The cereal block formulation is the same as other similar products like Contrac (AKA Tomcat), although the active ingredient is different.  If you can get rodents to eat it, it will be killing them without a doubt.  The most common cause for suspected treatment failure is underestimation of the target population - and reinfestation due to proofing issues remaining.
matt the rat

bodger wrote:

What I refer to as the loft, isn't one that you can get into, its more of a void, so I've always kept a bit of poison in there to feed to the occasional visitor.
We've never had a problem with stinky dead ones, because we've always kept the hatch well shut.

Keeping rodenticide down to feed the occasional visitor is no longer legal.

Label conditions are changing to reflect this fact, but in essence, you should only be applying a pesticide in response to a known pest problem, and only until that problem is solved, at which point the bait should be removed.

Permanent baits are killing woodmice and other prey species and passing toxins further up the food chain into raptor species.

There is plenty of evidence of this which is why labels are changing and the baiting of rodents is becoming more and more regulated.

Im with Matt

Husband wont use jaguar as it is such a potent poison.
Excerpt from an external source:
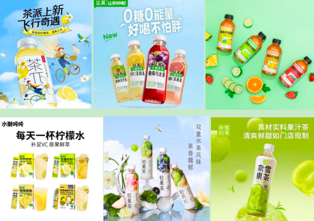现制茶饮跨界军来势汹汹,具有线下积累的品牌势能和口味研发经验优势。能够轻松将现制爆款转化为预制产品,如喜茶低糖浓果茶(50%果汁)、轻果茶、果蔬纤体瓶,奈雪果茶等。

Bodger if you are having such an issue it might be worth you looking up a local pestcontroller and getting someone in.

Ok its going to cost more than a tub of bait, but it is then their problem not yours.

As matt also said you probably had a few more than your realise

I ran my own pest control businessfor a number of years and hold the RSH certificate in pest control.
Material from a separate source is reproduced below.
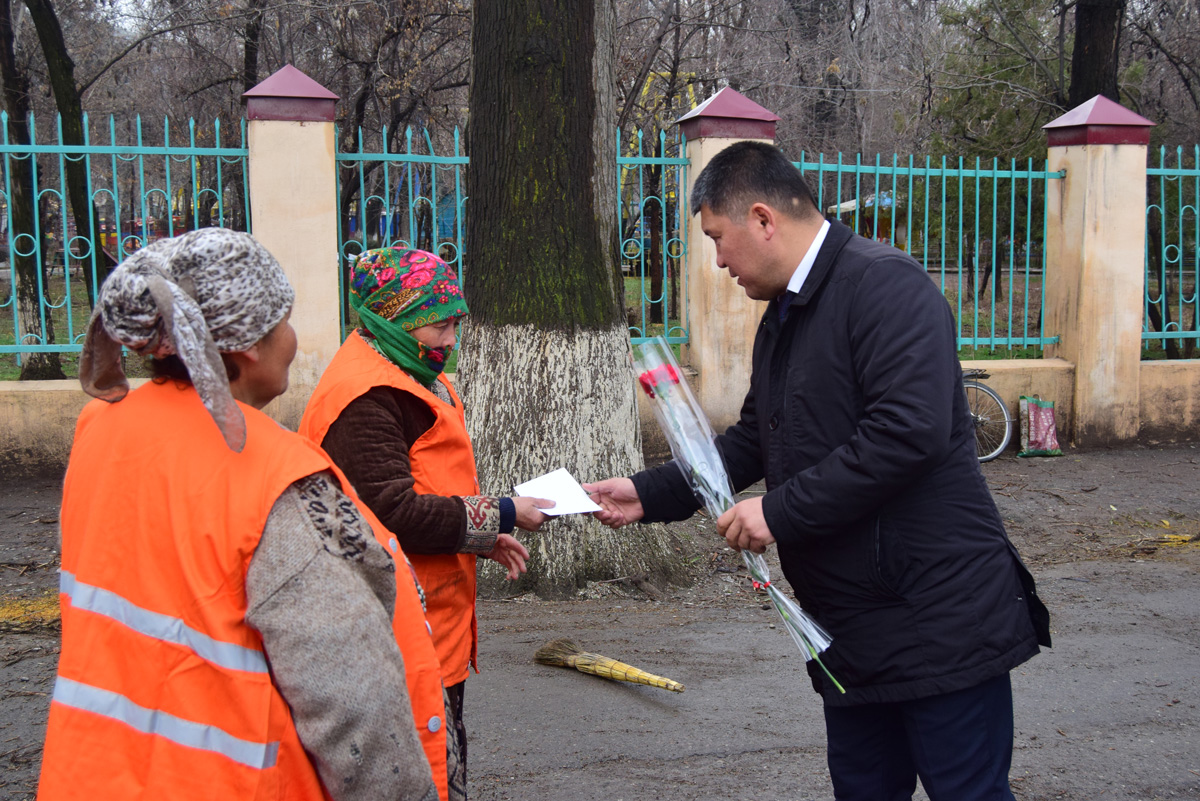 Жалал-Абад шаарынын мэри Мураталы Тагаев 8-март - Аялдардын эл аралык майрамын утурлай, калаадагы тазалык жана жашылдандыруу кызматында эмгектенген аялдарды иш үстүндө барып куттуктап, майрамдык маанай тартуулады.

I no longer have an account with the likes of Killgerm and this product was the one that my local agricultural merchants had on their shelves.
matt the rat

Sadly Bodger, times have changed since you did your RSPH.

While the fundamental basics of rodent behaviour and control have remained the same, the regulations and best practice guidelines have changed beyond belief.
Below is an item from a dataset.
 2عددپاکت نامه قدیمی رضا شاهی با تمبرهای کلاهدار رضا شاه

After 25 years in general pest control, I'm now a molecatcher who does a bit of pest control rather than a pest controller who controls the odd mole.

The system is stacked up against the professional pest controller, and while I still do some research fieldwork for the university, the days of me chasing around after rat and mouse work are over.

I have/had one job where I was expected to fill in 7 forms before I could do anything; it's just got ridiculous.  

Meanwhile, the ameteur user or farmer just carries on regardless and does as he or she pleases.....

"Meanwhile, the ameteur user or farmer just carries on regardless and does as he or she pleases....."

Thankfully, thats exactly the situation that I find myself in.

And its just that sort of attitude by the non professionals that is potentially damaging our presious wildlife

Mel, there shouldn't and usually isn't any of 'our precious' wildlife in our loft.

As for attitude, the only attitude that I detect here' is one of protectionism.

By law, a huge amount of information comes with every package of rodenticide. This includes the methodology of the particular poison in the product and the does and don'ts of using it.
Their are certain products that are labelled 'for professional use only' and this particular product' as far as I'm aware, isn't one of them.

Armed with the information supplied with the products and a modicom of common sense,  there isn't always the need for the lay person  to call out and pay for a professional pest controller.
My original post was about the effacacy of this particular product, to which I have now recieved an answer.